Moreover, we observed an association between serum IL-2, IL-12, IFNγ and IL-17A levels and air pollution exposure. As important proinflammatory cytokines, IL-2, IL-12 and IFNγ are generated by Th1 cells, and IL-17A is secreted by Th17 cells [33]. The collective pattern of changes in serum cytokines may be indicative of increased systemic inflammation in COPD patients exposed to ambient air pollution due to aggravation of the Th1/Th2 and Th17 imbalance. Our results were consistent with the findings of Gu et al. who found that Th1, Th17, IFN-γ and IL-17 levels were increased in association with air pollution in COPD mice, while IL-4, IL-10, Th2 and regulatory T cells (Tregs) were significantly decreased compared with levels in the healthy group [34]. Therefore, PM2.5 exposure aggravates Th1- and Th17-mediated immune disorders [34].

We also observed that short-term exposure to PM2.5, PM10 and NO2 increased the expression of circulating MCP-1 in COPD patients; this increased circulation could promote inflammatory responses in COPD patients by inducing the accumulation of monocytes and macrophages [35]. Additionally, MCP-1 also plays a role in regulating Th cell differentiation in vivo [36]. sCD40L is released from activated platelets and T cells with proinflammatory and prothrombotic characteristics. The existing evidence regarding PM and sCD40L mainly focuses on cardiovascular disease [37]. However, some studies have indicated that sCD40L plays a contributing role in pulmonary emphysema [38].

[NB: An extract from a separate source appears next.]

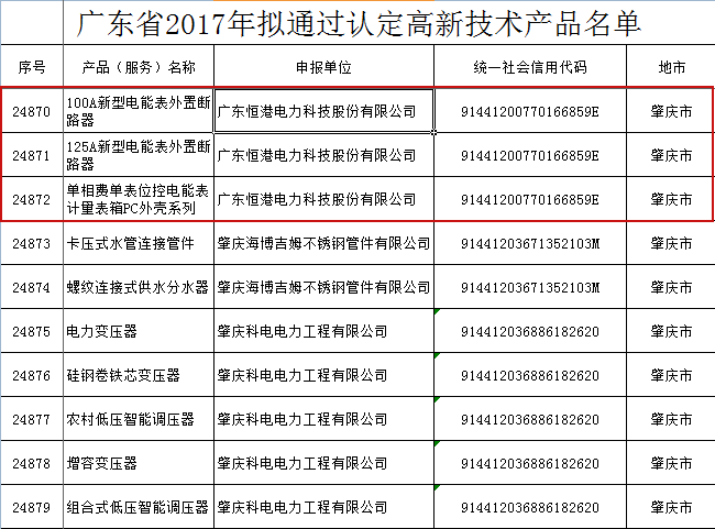 關于公示廣東省2017年擬通過認定高新技術產品

There are several limitations in our study. First, we used ambient air pollutant levels from monitoring sites to estimate personal exposure, which may induce estimation bias. Further research utilizing personal exposure devices may be helpful to overcome this bias in the future. Second, multiple testing was not corrected in this study. Given the high level of correlations between tests, it is difficult to correct the p value or control the false discovery rate. Bonferroni correction is the common method used to correct the p value in the multiple testing method, but it may cause false negative results. Therefore, we did not apply it in this research. Third, our model was adjusted for age, sex, marital status, educational level, smoking history, BMI, temperature and humidity as potential confounders from published references. However, it is difficult to confirm that these factors are “real” confounders. For example, Fuertes E et al. applied adjustments for height and weight instead of BMI as confounding factors to elucidate the associations between physical activity and lung function [39].

Conclusion

In summary, short-term exposure to PM2.5, NO2, SO2 and CO may decrease the FVC % pred in COPD patients. The characteristic patterns of changes in cytokines in the COPD patients reported in our research suggested that exposure to air pollutants may enhance systemic inflammation in COPD patients by increasing Th1 and Th17 cytokines and decreasing Th2 cytokines. These findings provide new insights into the potential mechanisms by which air pollution triggers or exacerbates COPD.